TOC was drawn by Joon Yeong Park using software of Adobe Photoshop7.0

1 Introduction

Tissue regeneration in living organisms is mediated by biologic regulatory factors that promote tissue renewal, restoration, and growth (Ceafalan and Popescu 2016). Scaffolds are important tools used in tissue engineering for the regeneration of lost or damaged tissues.

From the biological point of view, scaffolds should support the in vivo development of an extracellular matrix in sites of lost or damaged tissues (Kim et al. 2011). In addition, scaffolds should allow influx of nutrient substances from the surrounding tissue or biologic medium and the exit of waste formed in the tissue. Thus, scaffolds should create unique opportunities to regenerate tissues.

Biomimetic scaffolds can be formed using materials that have been designed to elicit specified cellular responses mediated by regulatory factors inside of the engineered environments (Chen et al. 2016). Biomimetic scaffolds are formed into three-dimensional (3D) architectures suitable for cell seeding and cultivation. With biomimetic scaffolds, (stem) cells can be cultivated or differentiated at the right time, in the right place, and into the right phenotype. Biomimetic scaffolds, particularly, are guided by the need to restore cell signaling and match the mechanical behavior of the tissue being engineered (Huang et al. 2016). Additionally, the biological agents inside of biomimetic scaffolds should serve as templates for cell growth and provide significant control over the cellular environment to manipulate cellular processes (Monteiro and Yelick 2017).

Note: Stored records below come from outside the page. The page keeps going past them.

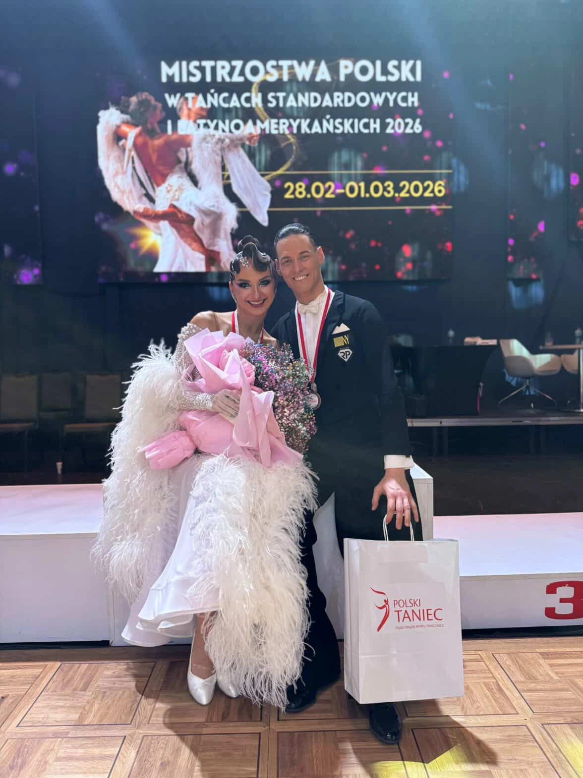 Miniony weekend zapisze się w historii UKS ATRIA na długo. Podczas tegorocznych Mistrzostw Polski PZST Aleksandra Kucharska i Paweł Subczyński zdobyli brązowy medal w kategorii Dorośli Standard. Wynik jest nie tylko spełnieniem marzeń, ale także jednym z najważniejszych osiągnięć w dziejach tancerzy z Ostrołęki. To moment, który pokazuje, jak daleko można dojść dzięki pasji, konsekwencji i wieloletniej pracy.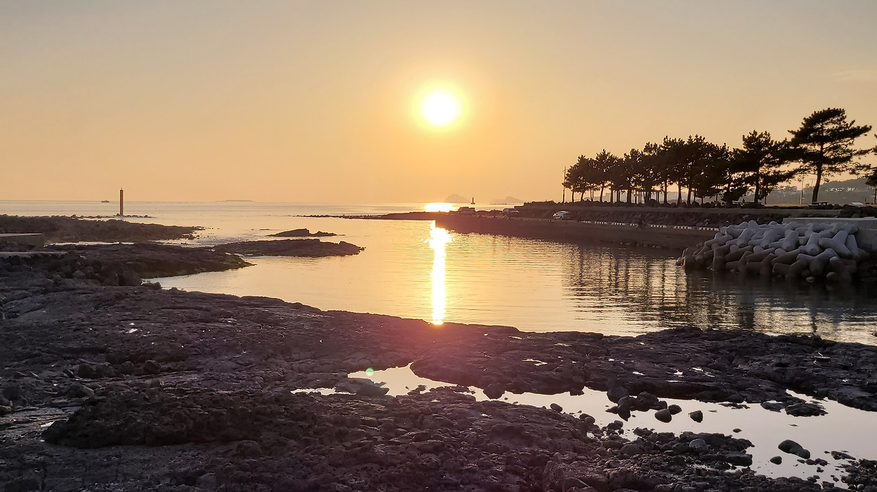 작년 이맘땐 한라산 정상부에 눈이 쌓인 것을 보았는데 오늘은 해 질 무렵이라 바다 쪽에 더 눈이 간다.
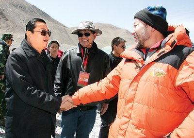 “同志們辛苦了!我代表自治區(qū)黨委、政府向同志們表示慰問和感謝,并向大家致以崇高的敬意。”郝鵬與官兵們一一握手!盀槿嗣穹⻊!”聽著官兵們整齊一致、鏗鏘有力的回答,郝鵬十分欣慰,他勉勵大家一定不辜負祖國和人民的重托,堅決做好北京奧運會火炬登頂珠峰安全保障工作,決不讓分裂分子的陰謀破壞活動得逞。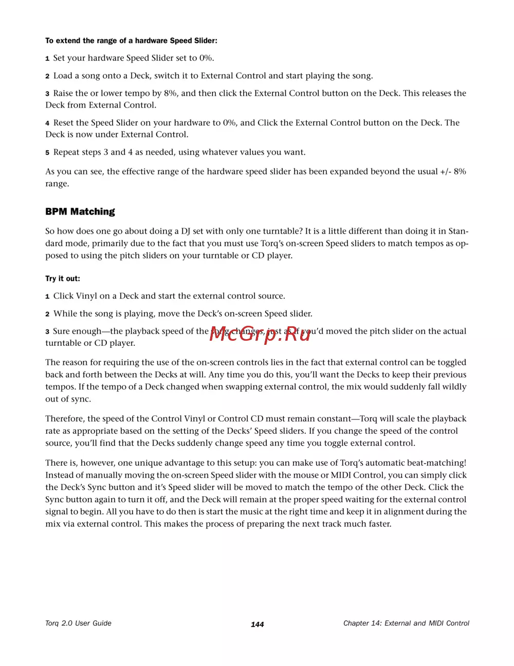 3 Raise the or lower tempo by 8%, and then click the External Control button on the Deck. This releases the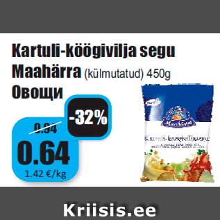 Период кампании: 17.02.2014 - 23.02.2014 Цена: 0.64€ Овощи(külmutatud) 450g Kartuli-köögivilja segu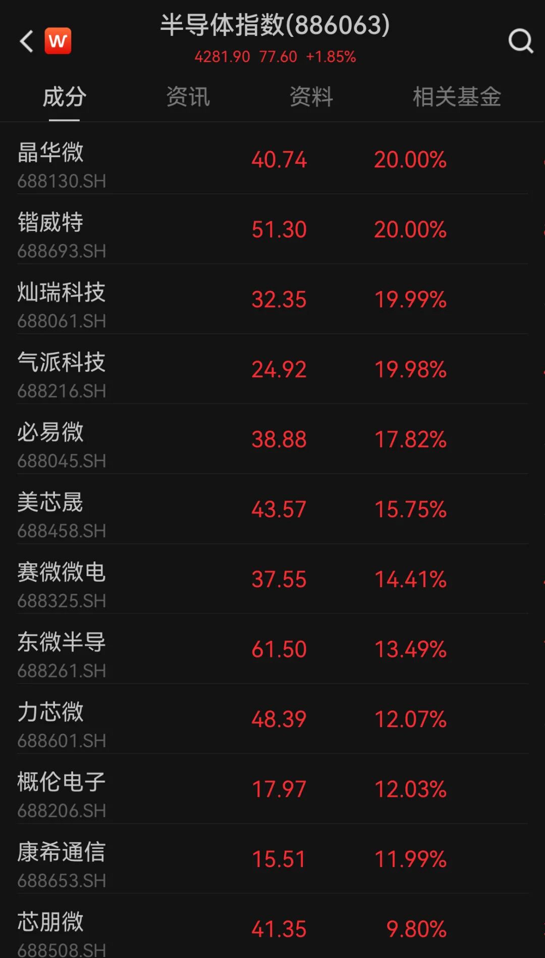 晶华微、锴威特、必易微集体20cm涨停。灿瑞科技、康希通信、东微半导、概伦电子、赛微电子、美芯晟等涨超12%。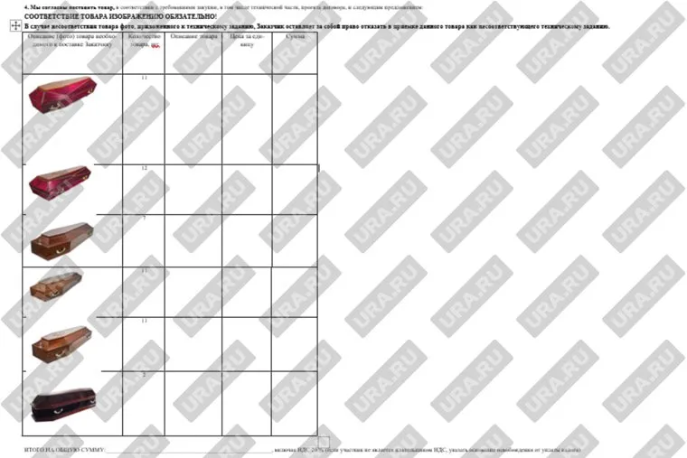 Изделия, которые ранее назывались как гробы с узором либо крестом «Версаче», теперь идут без описания. Однако в таблице есть фотографии, которые изготовителю предлагается использовать в виде референса. Изделие должно полностью соответствовать фото, иначе не будет оплачено. На закупку выделено полмиллиона рублей.

Biomimetic scaffolds can be used to closely mimic the generation of authentic tissue, which represents the environment of cells in a living organism, while enabling tight control over the cell environment and cellular processes (Skylar-Scott et al. 2016). Biomimetic scaffolds can be manufactured for precise control of patterning and mobilization of biological agents such as ligands, hormones, and cytokines (Moeinzadeh and Jabbari 2015).

Bone, a tissue containing a dense mineralized matrix, can withstand significant compressive loads (Tracy et al. 2016). Although bone has the innate ability to repair and regenerate, various clinical bone graft procedures are employed in orthopedic and craniofacial medicine (Kashte et al. 2017; Park and Park 2016; Gentile et al. 2017; Lee et al. 2017a). Autologous bones are common, but allografts, xenografts, and alloplast grafts have also been widely utilized.

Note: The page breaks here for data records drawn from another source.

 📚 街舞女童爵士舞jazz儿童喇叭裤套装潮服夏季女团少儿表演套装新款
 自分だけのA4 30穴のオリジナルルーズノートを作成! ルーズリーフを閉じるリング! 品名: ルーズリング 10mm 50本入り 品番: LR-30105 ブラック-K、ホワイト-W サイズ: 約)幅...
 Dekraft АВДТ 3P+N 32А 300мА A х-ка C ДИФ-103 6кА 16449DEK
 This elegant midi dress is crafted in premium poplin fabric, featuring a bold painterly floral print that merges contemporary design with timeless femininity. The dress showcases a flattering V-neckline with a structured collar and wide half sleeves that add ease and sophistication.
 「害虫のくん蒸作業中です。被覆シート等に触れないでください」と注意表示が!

From the mechanical point of view, biomimetic scaffolds for bone regeneration must bear external loading and provide the shape to the tissue that is to be regenerated (Tatman et al. 2015; Domingues et al. 2016; Behzadi et al. 2017; Lee et al. 2017b). Thus, biomimetic scaffolds for bone regeneration require mechanical stability to support the needed geometry, along with large interconnected pores for cell infiltration. Thus, the mechanical properties of biomimetic scaffolds must be similar to the properties of the replaced bone tissue to prevent stress shielding.

Biomimetic scaffolds for bone regeneration also should have important properties such as stiffness, mechanical resistance, and permeability. Additionally, the scaffold should undergo controlled degradation (Senthebane et al. 2017; Makhni et al. 2016). The degradation rate must be as close as possible to the tissue growth rate to maintain stability and structure at implanted site during the bone tissue regeneration process.

As described, the mechanical properties and degradation of the scaffold depend mainly on the biomaterial properties and the 3D structure, geometry, and porosity of the scaffold. In many cases, biomimetic scaffolds are designed to mimic the biochemistry and/or structure of native bone tissue.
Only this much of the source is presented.